→ Dataset excerpt

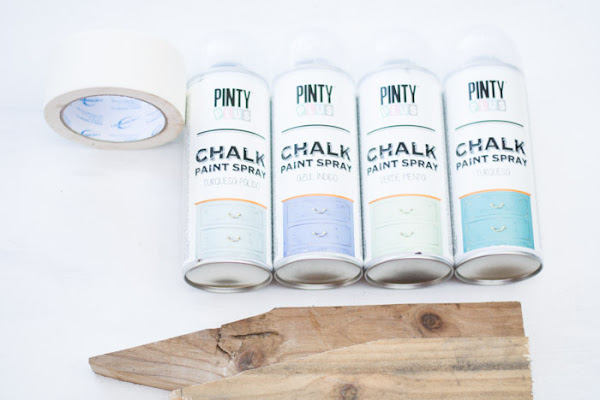 Necesitamos: Tablas de madera, cinta de carrocero, pegamento súper fuerte o grapadora eléctrica, pintura en spray chalk paint de Novasol.
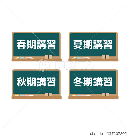 春季講習・夏期講習・秋季講習・冬季講習の黒板 イラストセット
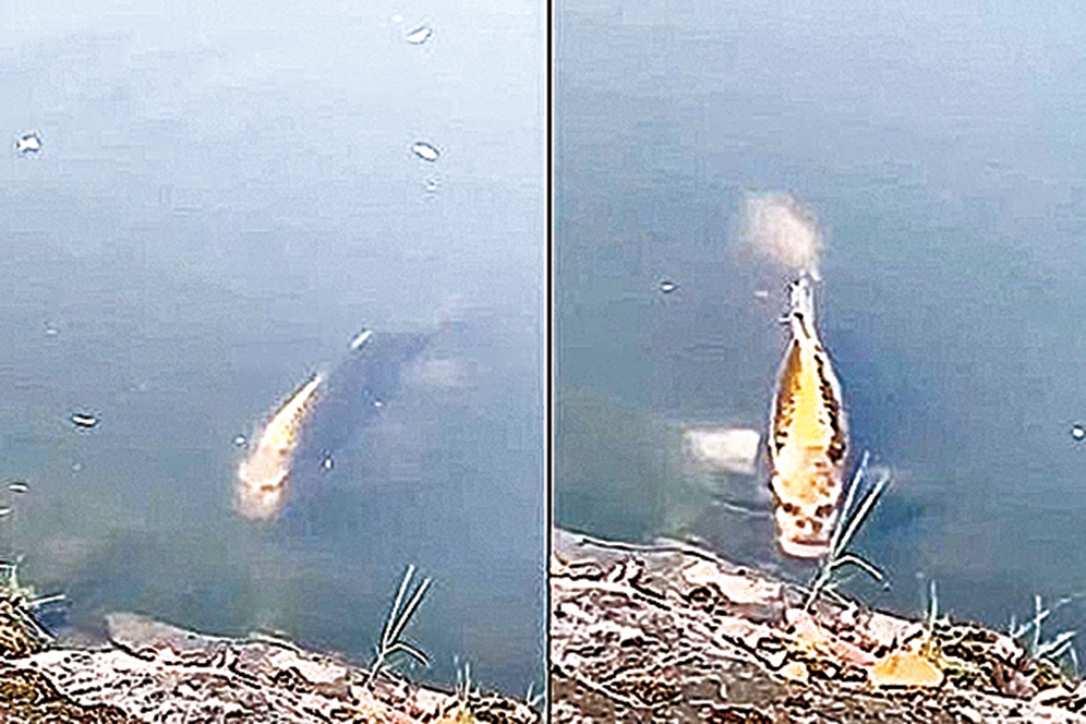 據景區工作人員介紹,這條魚的品種是黃金錦鯉,已在景區的湖中飼養了3 年。

→ Your task
Take the listing and print it again exactly, but without any pictures.

→ Answer box
 Necesitamos: Tablas de madera, cinta de carrocero, pegamento súper fuerte o grapadora eléctrica, pintura en spray chalk paint de Novasol.
 春季講習・夏期講習・秋季講習・冬季講習の黒板 イラストセット
 據景區工作人員介紹,這條魚的品種是黃金錦鯉,已在景區的湖中飼養了3 年。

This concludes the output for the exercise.